Toussaint-Louverture, grâce aux renforts venus de métropole, parvient à prendre le contrôle de l’île et à repousser les Espagnols et les Anglais qui avaient profité des troubles pour s’installer dans des parties de Saint-Domingue. Paris le nomme gouverneur de la colonie de Saint-Domingue. En 1798, les envoyés de la métropole constatent que les troupes n’obéissent qu’à Toussaint-Louverture, ce qui les amène à retourner en métropole. En 1800 éclate la « guerre des couteaux ». Aidé de ses adjoints Henri Christophe (un affranchi) et Jean-Jacques Dessalines (juridiquement esclave jusqu’à l’abolition de l’esclavage), Toussaint-Louverture bat les troupes mulâtres menées par le général Rigaud et qui continuaient à contester son autorité. En janvier 1801, il chasse les Espagnols de la partie orientale de l’île d’Hispaniola, alors réunie sous son pouvoir. En juillet de la même année, il fait adopter une Constitution autonomiste qui lui donne par ailleurs les pleins pouvoirs sur l’île.
Napoléon Bonaparte cherche à reconquérir l’île
Bonaparte, qui dirige la France depuis 1799, n’accepte pas la situation face à laquelle Toussaint-Louverture le met. Il décide alors, appuyé en cela par les milieux coloniaux mais également par les dirigeants mulâtres défaits par Toussaint-Louverture lors de la « guerre des couteaux », de reconquérir l’île. Une expédition de 30.000 personnes vogue en bateaux vers Saint-Domingue. Cette opération de reconquête connue comme « l’expédition de Saint-Domingue » est dirigée par le général Charles Leclerc. Face à la puissance de l’armée française, les insurgés haïtiens sont défaits au bout de quelques mois. Toussaint-Louverture doit se rendre en mai 1802 aux autorités françaises, qui l’exileront en France malgré les promesses faites lors de sa reddition. Emprisonné au Fort de Joux (Jura), Toussaint-Louverture mourra le 7 avril 1803, sans avoir connu la fin de la révolution haïtienne dont il était pourtant certain de l’issue victorieuse.
La France doit quitter l’île, Haïti devient indépendante
Mais deux raisons vont à nouveau retourner la situation :
– Désormais dirigée par le cruel général Rochambeau, l’armée française se livre à de sanglantes exactions.
– Les anciens esclaves noirs et les mulâtres prennent conscience que le vrai objectif de l’expédition est le rétablissement de l’esclavage (qui est d’ailleurs rétabli en Guadeloupe à l’automne 1802).
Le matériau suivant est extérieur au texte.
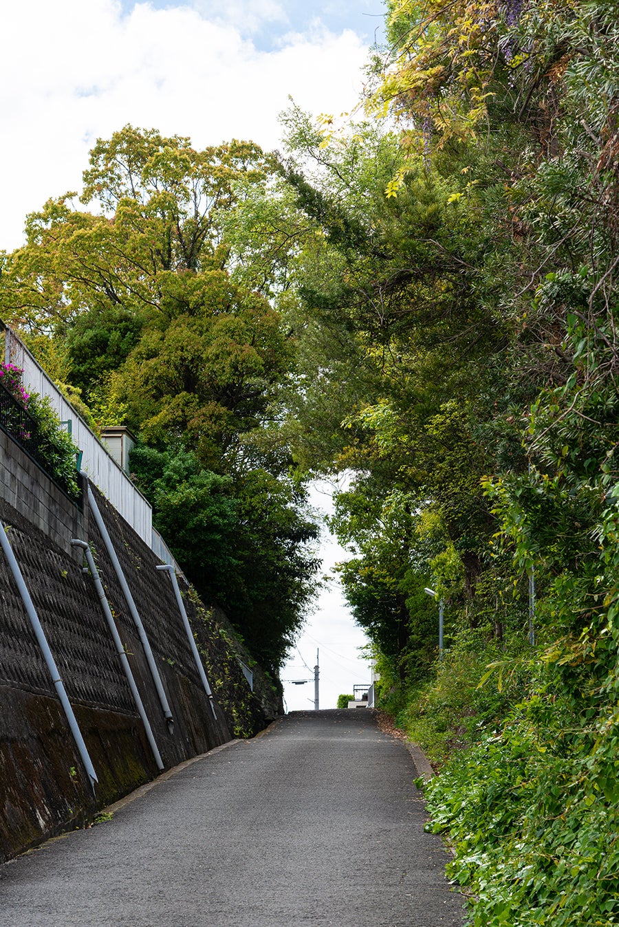 木々が茂り雰囲気は良いのですが、山を切り通しただけの市道で、近隣に桐蔭中学、高校があるため学生の通学路であったり、クラブ活動の練習であったり、周辺住民の散歩や車の抜け道にもなっていて、細い市道ながら通行人の絶えない坂道です。

Alors que le camp de Toussaint-Louverture s’était divisé (Dessalines s’était rallié à la France au début 1802 après avoir été défait par l’armée de Leclerc, et avait même participé à l’arrestation de Toussaint-Louverture) et que celui des mulâtres (Pétion, Boyer) était revenu à Saint-Domingue en appui de l’armée française, ces deux camps se coalisent et se révoltent contre la France. Dessalines devient le commandant des insurgés. Le 18 novembre 1803, l’armée française est défaite à Vertières et Rochambeau doit capituler dans la foulée. C’est la fin de l’expédition de Saint-Domingue, dont le bilan humain est très lourd.
Le 1er janvier 1804, la colonie de Saint-Domingue n’est plus. Elle fait place à un nouvel Etat : Haïti (du nom utilisé par les Arawaks pour désigner leur île : Ayiti). Dessalines se proclame gouverneur (puis empereur) et fait massacrer l’essentiel de la population blanche dans les mois qui suivent (environ 5000 victimes), de peur qu’elles n’appellent des puissances étrangères à venir briser la République naissante. La France reconnaîtra l’indépendance d’Haïti en 1825 par la voix du roi Charles X. Le nouveau pays devra en contrepartie payer une indemnité de 90 millions de francs or, qui sera intégralement payée entre 1825 et 1883.